STEVE INSKEEP, HOST:

When President Trump released a tax proposal yesterday, it wasn't hard to read - one page, mostly double spaced, bullet points, lots of white space. It did mention fewer tax brackets, fewer deductions and a lower business tax. Treasury Secretary Steven Mnuchin promoted these ideas.

(SOUNDBITE OF PRESS CONFERENCE)

STEVEN MNUCHIN: The overall economic plan consists of massive tax cuts and tax reform, regulatory relief and renegotiating trade deals. And with that, we will unlock the economic growth that's been held back for too long in this country.

INSKEEP: We have two more views of that document. Peter Morici is a conservative economist at the University of Maryland. Good morning to you, sir.

PETER MORICI: Good morning.

INSKEEP: Joined once again by Jared Bernstein, former chief economist to Vice President Biden. Thanks to you for coming by.

JARED BERNSTEIN: Good morning.

INSKEEP: OK. Is this plan - this one page - serious?

BERNSTEIN: I would say no. I mean, first of all, it's not really a plan. It looks sort of like a shopping list for rich people who want to avoid taxes. It's going - the big problems are at least two-fold. One is it's going to increase the budget deficit probably by around $5 trillion over 10 years.

Now, there are times when you want your budget deficit to go up, say, to offset economic weakness. This is not one of them, so it squanders needed revenues, revenues we're going to need in the future, to give a bunch of wasteful tax cuts to rich people. It's also highly disequalizing, which is something we also don't need.

INSKEEP: That's Jared Bernstein. Peter Morici, what do you think?

MORICI: Well, it adheres to certain conservative principles. That is simplifying the tax system, eliminating deductions, compressing the rates and so forth. For many upper-income people, it'll mean higher taxes. For example, in New York, by eliminating the deduction for state and local taxes, it'd make their taxes higher.

I do find it amusing, the notion that we can't afford a tax cut now when six months ago - and when Jared's team had the White House - they thought that spending more money and increasing the budget deficit would be just fine. So it seems as though Democratic deficits by the government spending money are fine, but people getting to keep more of their own money to spend it...

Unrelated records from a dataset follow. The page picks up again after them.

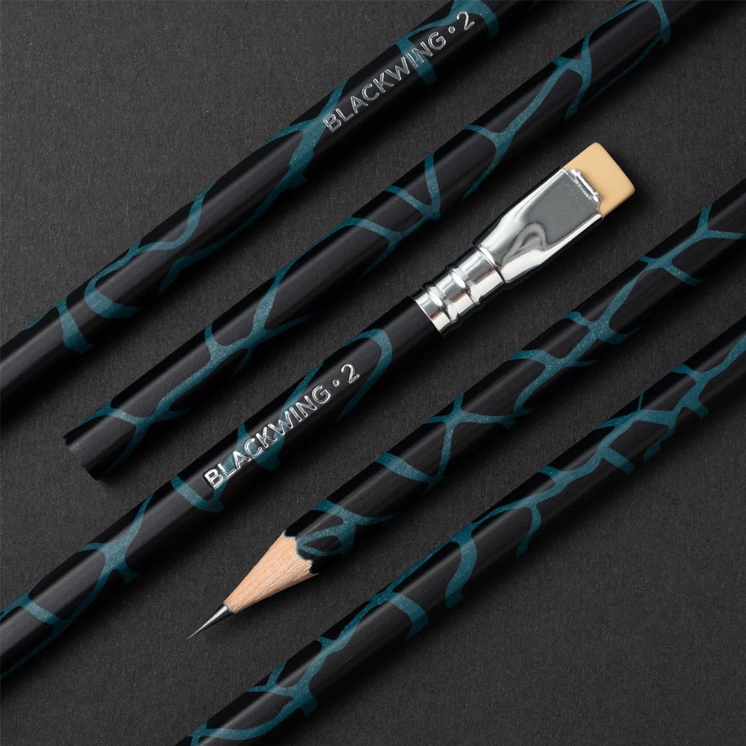 El lápiz Blackwing Volumen 2 Light & Dark es un tributo a los cambios que el arte genera en el mundo y la sociedad. Cada lápiz tiene un diseño craquelado que brilla en la oscuridad: la dualidad del arte y los desafíos que lo inspiran.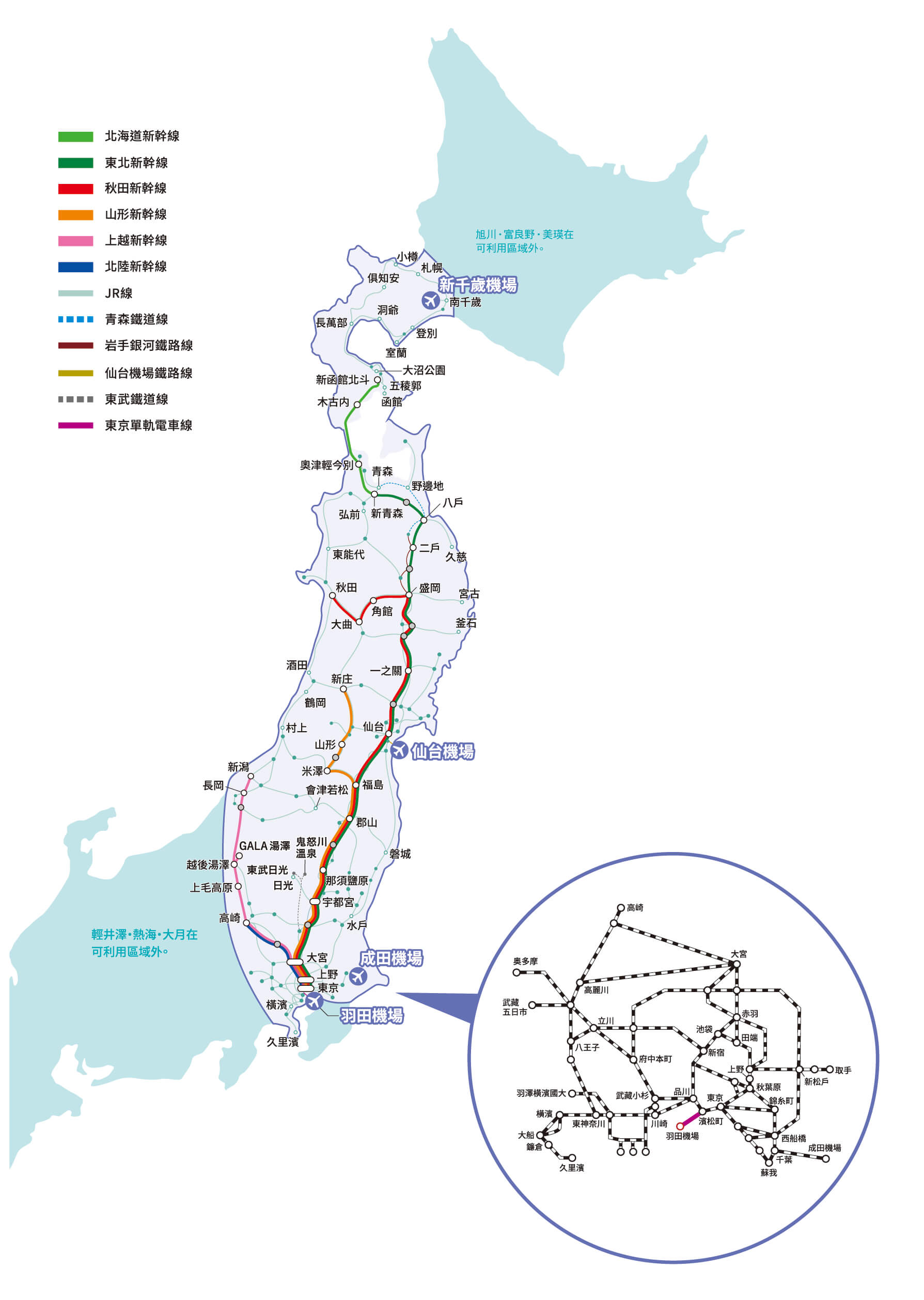 ・JR東日本線(含成田特快NEX) ・JR北海道線 ・伊豆急行線全線 ・東京單軌電車線全線 ・青森鐵道線全線 ・IGR 岩手銀河鐵道線全線 ・仙台機場鐵道線全線 ・東武鐵道線相互直通的特快列車「日光號」、「SPACIA 日光號」、 「鬼怒川號」、「SPACIA 鬼怒川號」等的普通車指定席。 ・東武鐵道線下今市~東武日光、鬼怒川溫泉間的普通列車(含快速)亦可搭乘。 「栗橋~下今市間」僅可搭乘與東武鐵道互通直達的特快列車。 ※若需在栃木站、新鹿沼站、下今市站、東武日光站、東武世界廣場站、鬼怒川溫泉站搭乘特快列車,則始發站或終點站須為JR線車站。 兌換地點請見 JR東日本 周遊券詳情請見 JR東日本官網。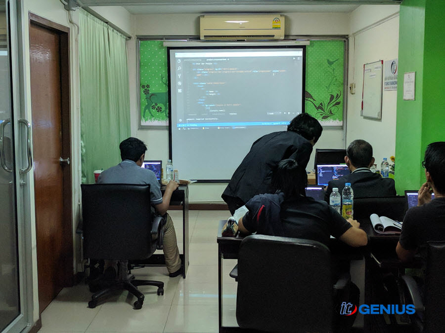 เป็นการจัดอบรมหลักสูตร การพัฒนาเว็บแอพพลิเคชั่นด้วย framework ยอดนิยมอย่าง Angular JS โดยครอบคลุมเนื้อหาตั้งแต่พื้นฐานถึงขั้นสูงประยุกต์ใช้งาน จัดอบรมที่สถาบันไอทีจีเนียส กรุงเทพมหานคร ระยะเวลาอบรม 3 วัน ดำเนินการสอนโดย อาจารย์ นิติพันธ์ ป้อมพันธ์ จากไอที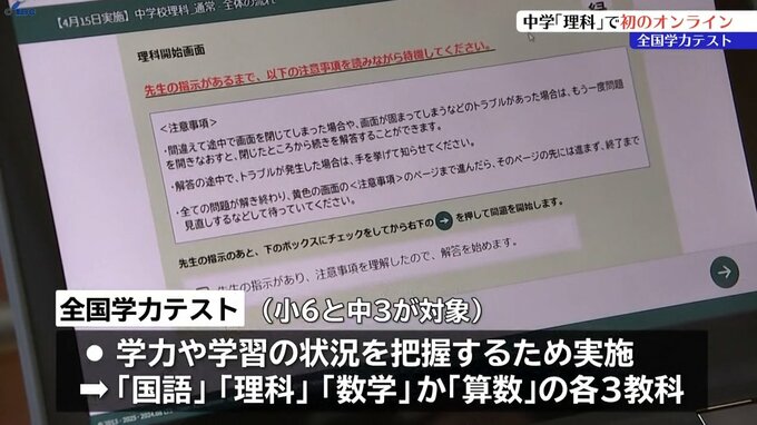 全国学力テストは学力や学習の状況を把握するため文部科学省が実施していて、2025年は「国語」と「理科」、小学校の「算数」中学校の「数学」の各3教科で行われます。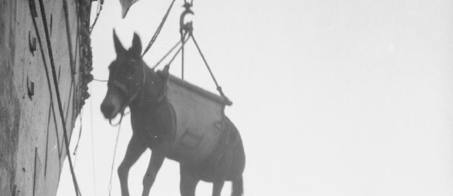 Az olaszok öszvért eresztenek le Szalonikinél 1916-ban.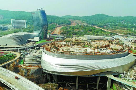 10月9日,长沙湘江欢乐城冰雪世界项目建设工地,工人趁着秋高气爽的好天气加紧施工。目前,该项目整体工程已进入扫尾施工,预计年内开园迎客。该地曾是废弃的深坑,通过生态修复和开发建设并举,将打造成为目前世界上唯一的冰雪与水结合的“两型”主题乐园。(记者 李健 摄)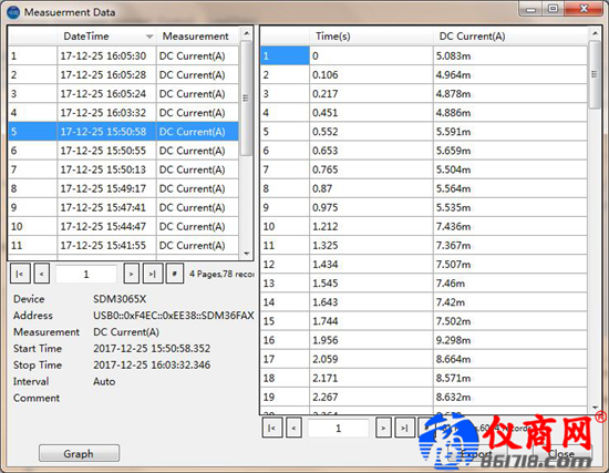 可以通過(guò)”Graph”按鍵將任意保存的數(shù)據(jù)進(jìn)行趨勢(shì)圖和直方圖分析,還可以通過(guò)“Export”按鍵將數(shù)據(jù)導(dǎo)出為CSV文件格式,這是兩個(gè)很實(shí)用的功能。

INSKEEP: Jared raises a finger here. Go ahead.

BERNSTEIN: Completely inconsistent and not representative. In fact, not only did Barack Obama try to increase taxes, he actually did. And if you recall in his second term, he ran on that program. So that's false. Also - excuse me - his budget deficit was 10 percent, came down to about 2 or 3 percent by the time he left.

INSKEEP: Let's just talk about the present day here for the moment...

BERNSTEIN: Yeah. So here's the thing...

INSKEEP: ...Because this does seem to be - whoa, whoa, whoa.

BERNSTEIN: Let me just correct...

(CROSSTALK)

BERNSTEIN: No, no. I got to correct one thing Peter said.

INSKEEP: Gentlemen, gentlemen, gentlemen. OK, so let's just deal with the fact that there are proposed tax cuts here. There are not specific deductions, very many of them, that are named. It does appear to raise the deficit. Is that OK with you, Peter Morici?

MORICI: Oh, I think it raises the deficit, and it's not OK with me. My feeling is is that we really - if we want to cut taxes overall, then we need to cut spending to do it. I'm very disappointed that the proposal doesn't have details. These guys have had the White House in focus since November. By now, they should have a plan. It really shows that the White House lacks expertise. Mnuchin and Cohn have excellent business backgrounds.

INSKEEP: Gary Cohn, that's another one of the top economic advisers.

MORICI: Right, his - basically an aluminum siding salesman, silver trader who managed his way up in Goldman Sachs largely as an administrator and Mnuchin, who basically turned around a bank. But that doesn't give them expertise on tax policy or trade policy or what have you. This is nothing but the - basically, it's Newt Gingrich's Christmas list at 12.

INSKEEP: (Laughter) OK. Jared Bernstein, granted that you clearly don't like this plan, is there anything in here for Democrats?

BERNSTEIN: Not really. I mean, first of all, I do just want to correct something 'cause it is a - it's really a key point here.

INSKEEP: Oh, and you're still boiling on this thing from earlier.

BERNSTEIN: And that's that - it's that - look. The taxes on the upper-income folks, say the top 1 percent, are definitely going down under this plan. That's not at all...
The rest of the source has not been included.